_EXERCISE:_ Retype exactly the span of lines below from the one with "360°-LED-Arbeitsleuchte: Die integrierte" through the one with "Motosiklet ile Otomobilin". Do not include pictures.

Collected data entries:
BEGIN

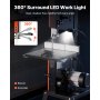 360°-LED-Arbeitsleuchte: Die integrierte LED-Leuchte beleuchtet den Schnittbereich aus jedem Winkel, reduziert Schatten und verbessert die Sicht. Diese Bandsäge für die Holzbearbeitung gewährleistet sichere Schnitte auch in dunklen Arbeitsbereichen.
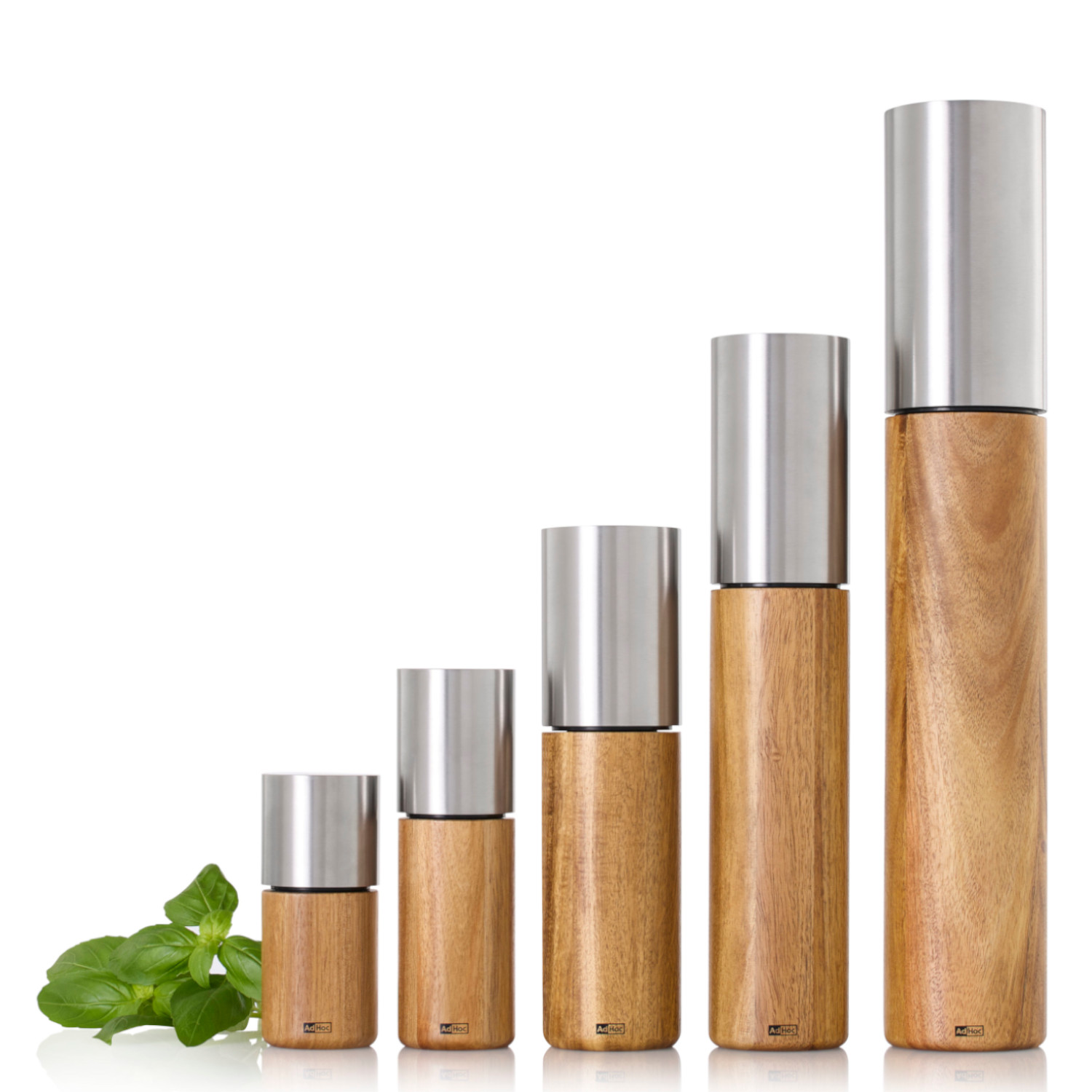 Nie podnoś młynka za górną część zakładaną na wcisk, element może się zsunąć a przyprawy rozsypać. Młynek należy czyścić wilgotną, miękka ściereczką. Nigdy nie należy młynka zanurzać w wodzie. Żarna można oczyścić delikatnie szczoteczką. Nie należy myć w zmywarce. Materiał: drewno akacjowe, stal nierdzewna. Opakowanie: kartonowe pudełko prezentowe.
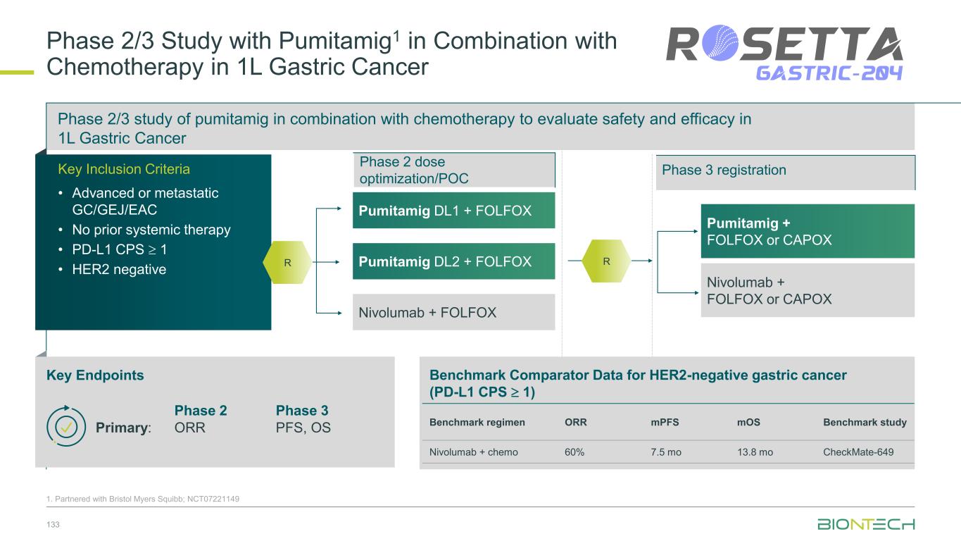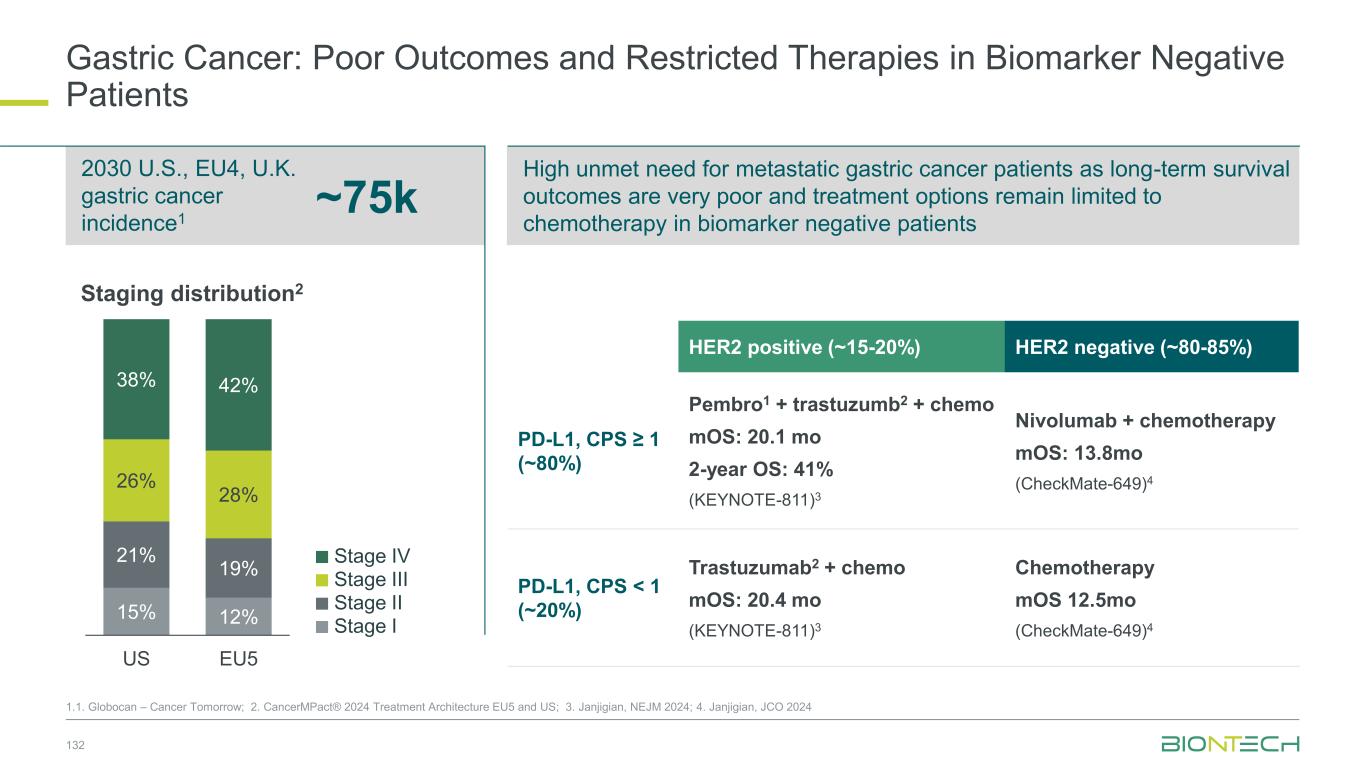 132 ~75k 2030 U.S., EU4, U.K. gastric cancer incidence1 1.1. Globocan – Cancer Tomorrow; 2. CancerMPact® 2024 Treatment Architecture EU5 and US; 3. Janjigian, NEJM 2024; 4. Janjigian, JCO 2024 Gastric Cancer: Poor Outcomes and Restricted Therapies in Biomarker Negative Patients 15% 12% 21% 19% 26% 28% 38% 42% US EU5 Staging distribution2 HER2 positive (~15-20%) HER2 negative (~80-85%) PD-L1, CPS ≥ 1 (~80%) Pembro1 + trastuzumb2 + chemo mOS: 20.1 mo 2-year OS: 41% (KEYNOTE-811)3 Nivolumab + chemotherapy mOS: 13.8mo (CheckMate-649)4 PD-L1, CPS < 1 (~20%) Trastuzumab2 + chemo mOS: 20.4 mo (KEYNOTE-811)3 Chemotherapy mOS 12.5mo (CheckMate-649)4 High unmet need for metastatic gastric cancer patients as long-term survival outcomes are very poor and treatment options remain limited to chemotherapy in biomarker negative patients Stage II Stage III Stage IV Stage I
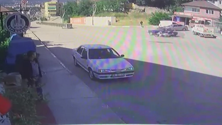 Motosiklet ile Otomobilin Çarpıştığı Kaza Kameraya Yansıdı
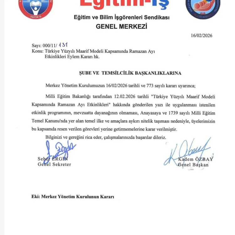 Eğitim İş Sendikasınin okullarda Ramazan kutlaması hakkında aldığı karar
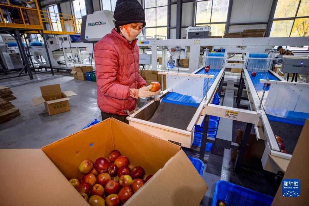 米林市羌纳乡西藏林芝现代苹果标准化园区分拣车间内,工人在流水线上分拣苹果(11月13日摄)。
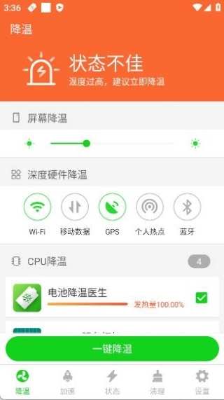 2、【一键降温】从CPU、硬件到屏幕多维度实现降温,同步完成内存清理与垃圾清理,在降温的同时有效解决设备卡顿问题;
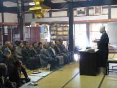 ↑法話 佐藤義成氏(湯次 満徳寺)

END
BEGIN

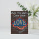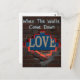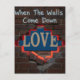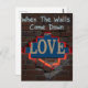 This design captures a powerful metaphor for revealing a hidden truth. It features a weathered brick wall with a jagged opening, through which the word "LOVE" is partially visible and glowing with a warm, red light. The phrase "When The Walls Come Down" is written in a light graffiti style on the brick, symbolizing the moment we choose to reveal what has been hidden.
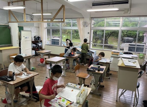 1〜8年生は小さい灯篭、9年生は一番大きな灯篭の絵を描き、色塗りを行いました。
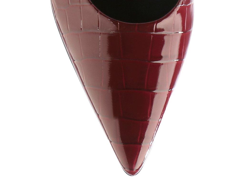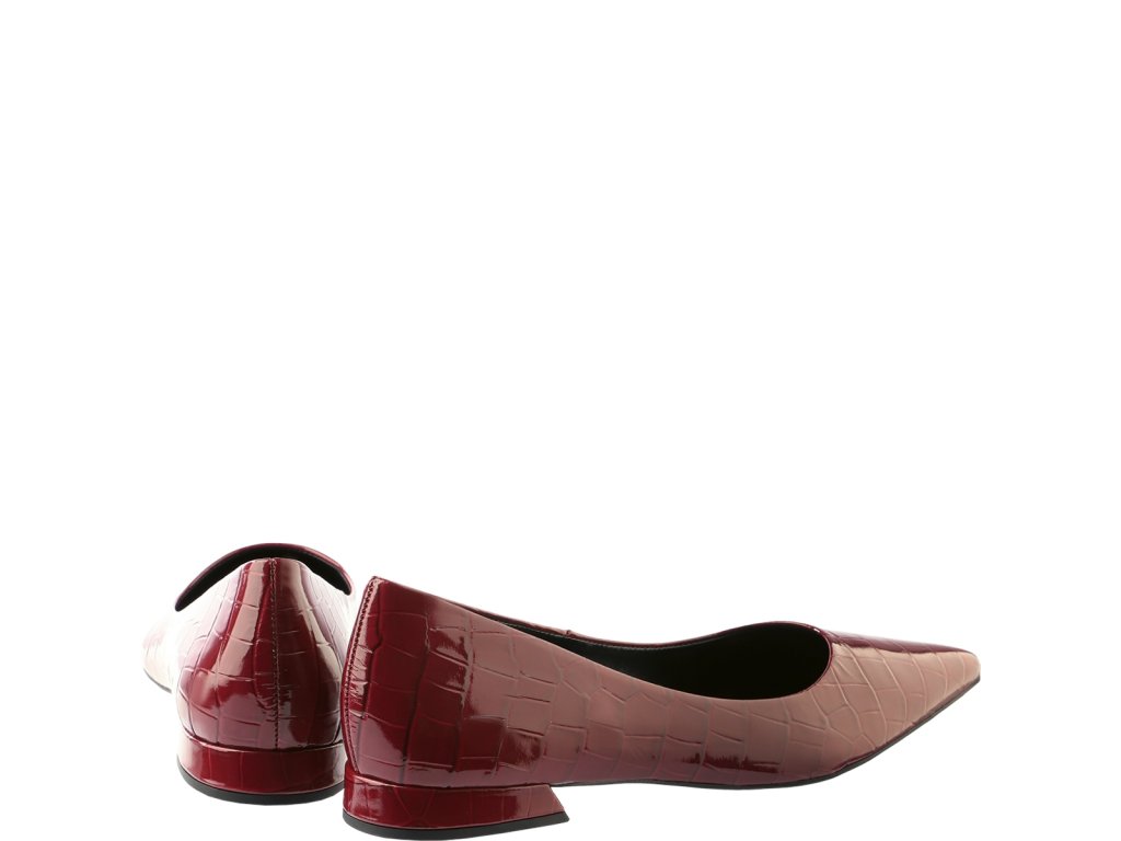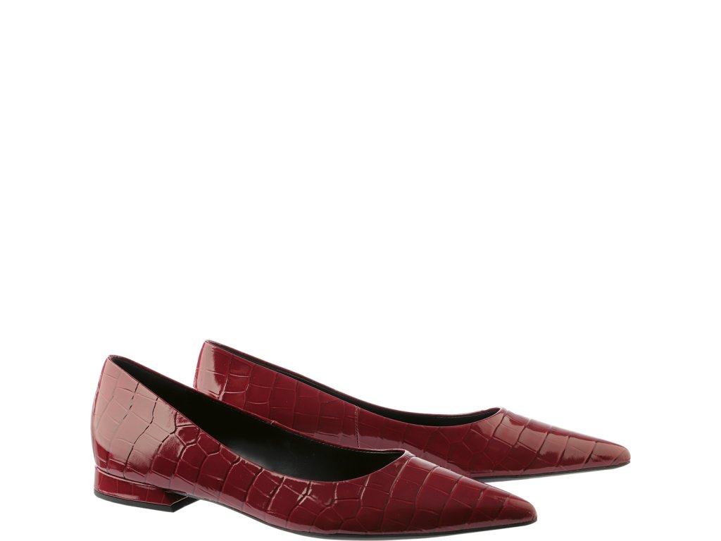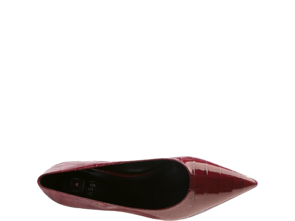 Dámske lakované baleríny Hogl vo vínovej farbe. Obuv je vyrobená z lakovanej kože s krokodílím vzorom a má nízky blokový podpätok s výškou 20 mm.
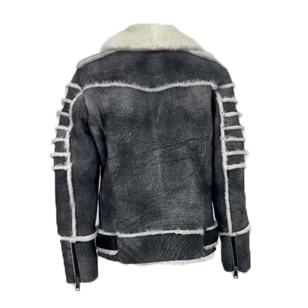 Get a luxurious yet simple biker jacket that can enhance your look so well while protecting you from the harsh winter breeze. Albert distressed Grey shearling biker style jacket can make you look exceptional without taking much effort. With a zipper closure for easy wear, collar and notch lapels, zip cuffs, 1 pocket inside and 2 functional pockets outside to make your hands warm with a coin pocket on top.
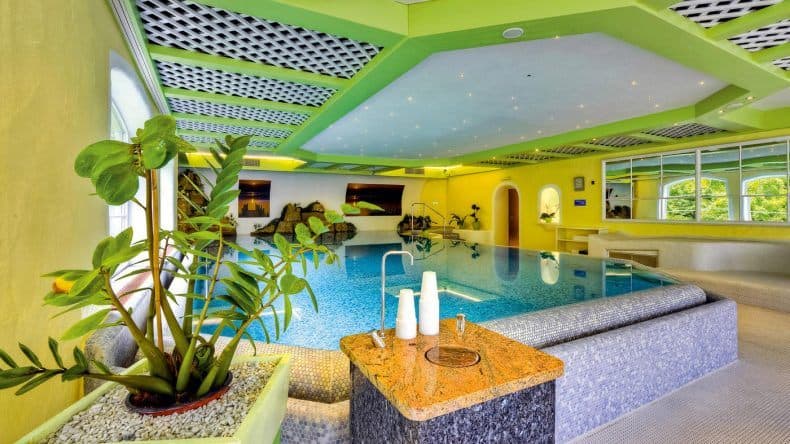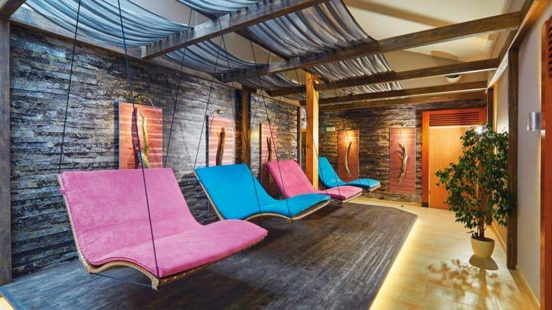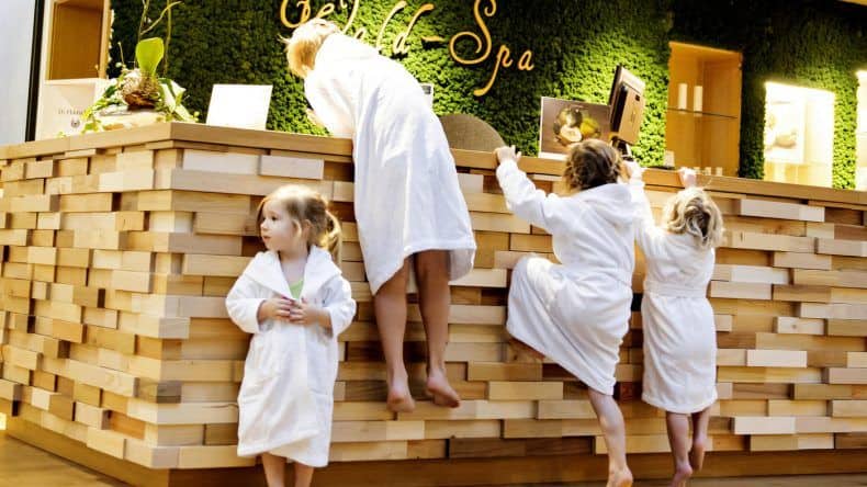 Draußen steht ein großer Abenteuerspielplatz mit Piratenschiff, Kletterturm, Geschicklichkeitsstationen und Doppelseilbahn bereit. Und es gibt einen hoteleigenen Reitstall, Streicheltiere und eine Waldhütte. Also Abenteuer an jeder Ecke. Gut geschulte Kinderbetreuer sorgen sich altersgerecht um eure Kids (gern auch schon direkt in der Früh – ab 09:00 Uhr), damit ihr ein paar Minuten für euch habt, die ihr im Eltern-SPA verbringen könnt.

END

_TASK SOLUTION:_
 360°-LED-Arbeitsleuchte: Die integrierte LED-Leuchte beleuchtet den Schnittbereich aus jedem Winkel, reduziert Schatten und verbessert die Sicht. Diese Bandsäge für die Holzbearbeitung gewährleistet sichere Schnitte auch in dunklen Arbeitsbereichen.
 Nie podnoś młynka za górną część zakładaną na wcisk, element może się zsunąć a przyprawy rozsypać. Młynek należy czyścić wilgotną, miękka ściereczką. Nigdy nie należy młynka zanurzać w wodzie. Żarna można oczyścić delikatnie szczoteczką. Nie należy myć w zmywarce. Materiał: drewno akacjowe, stal nierdzewna. Opakowanie: kartonowe pudełko prezentowe.
 132 ~75k 2030 U.S., EU4, U.K. gastric cancer incidence1 1.1. Globocan – Cancer Tomorrow; 2. CancerMPact® 2024 Treatment Architecture EU5 and US; 3. Janjigian, NEJM 2024; 4. Janjigian, JCO 2024 Gastric Cancer: Poor Outcomes and Restricted Therapies in Biomarker Negative Patients 15% 12% 21% 19% 26% 28% 38% 42% US EU5 Staging distribution2 HER2 positive (~15-20%) HER2 negative (~80-85%) PD-L1, CPS ≥ 1 (~80%) Pembro1 + trastuzumb2 + chemo mOS: 20.1 mo 2-year OS: 41% (KEYNOTE-811)3 Nivolumab + chemotherapy mOS: 13.8mo (CheckMate-649)4 PD-L1, CPS < 1 (~20%) Trastuzumab2 + chemo mOS: 20.4 mo (KEYNOTE-811)3 Chemotherapy mOS 12.5mo (CheckMate-649)4 High unmet need for metastatic gastric cancer patients as long-term survival outcomes are very poor and treatment options remain limited to chemotherapy in biomarker negative patients Stage II Stage III Stage IV Stage I
 Motosiklet ile Otomobilin Çarpıştığı Kaza Kameraya Yansıdı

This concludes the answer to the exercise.